» Records for the exercise
=== Section Start ===

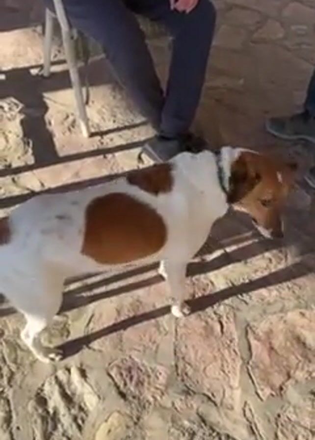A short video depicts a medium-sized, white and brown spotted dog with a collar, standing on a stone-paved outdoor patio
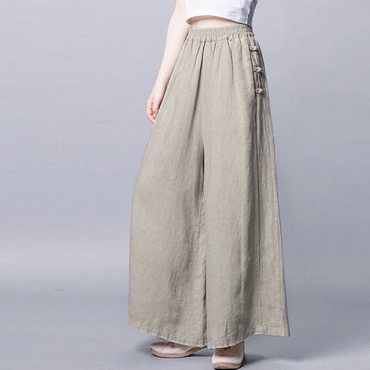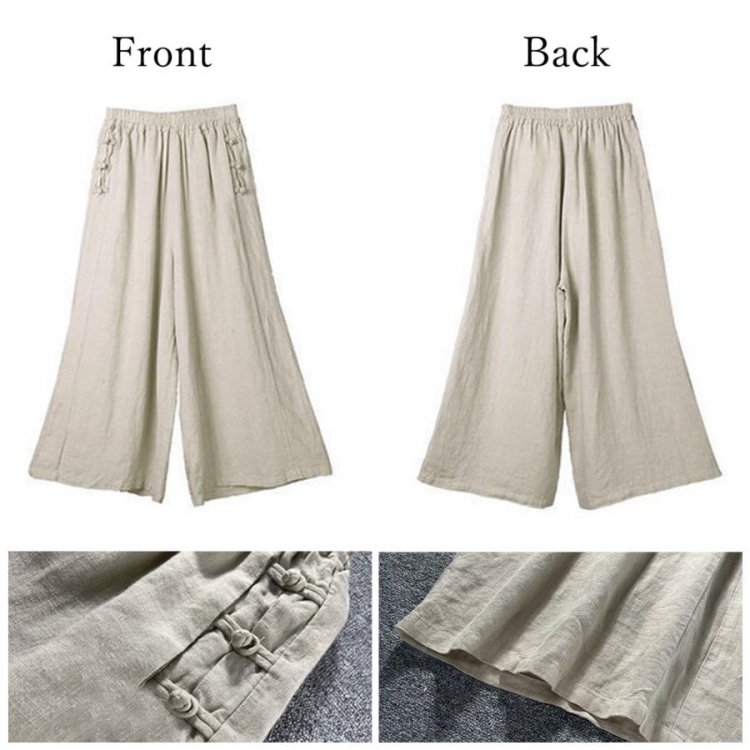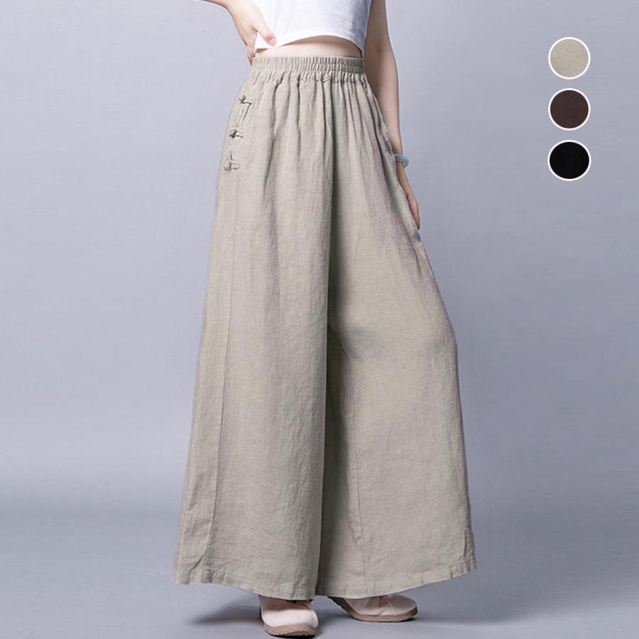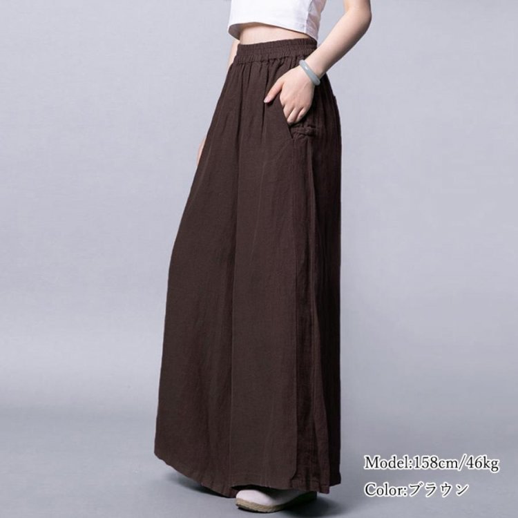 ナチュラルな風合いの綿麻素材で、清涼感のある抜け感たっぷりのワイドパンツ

=== Section End ===
=== Section Start ===

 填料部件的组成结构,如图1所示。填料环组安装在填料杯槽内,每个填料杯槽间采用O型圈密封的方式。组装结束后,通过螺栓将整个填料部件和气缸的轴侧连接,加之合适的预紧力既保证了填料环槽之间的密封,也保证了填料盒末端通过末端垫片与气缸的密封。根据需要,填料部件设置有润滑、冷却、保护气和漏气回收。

=== Section End ===

» What the exercise asks
Range to print from the listing above: from the line with "A short video" up to and including the line with "ナチュラルな風合いの綿麻素材で、清涼感のある抜け感たっぷりのワイドパンツ". Please print those lines exactly, with no pictures and nothing more.

» Expected answer
A short video depicts a medium-sized, white and brown spotted dog with a collar, standing on a stone-paved outdoor patio
 ナチュラルな風合いの綿麻素材で、清涼感のある抜け感たっぷりのワイドパンツ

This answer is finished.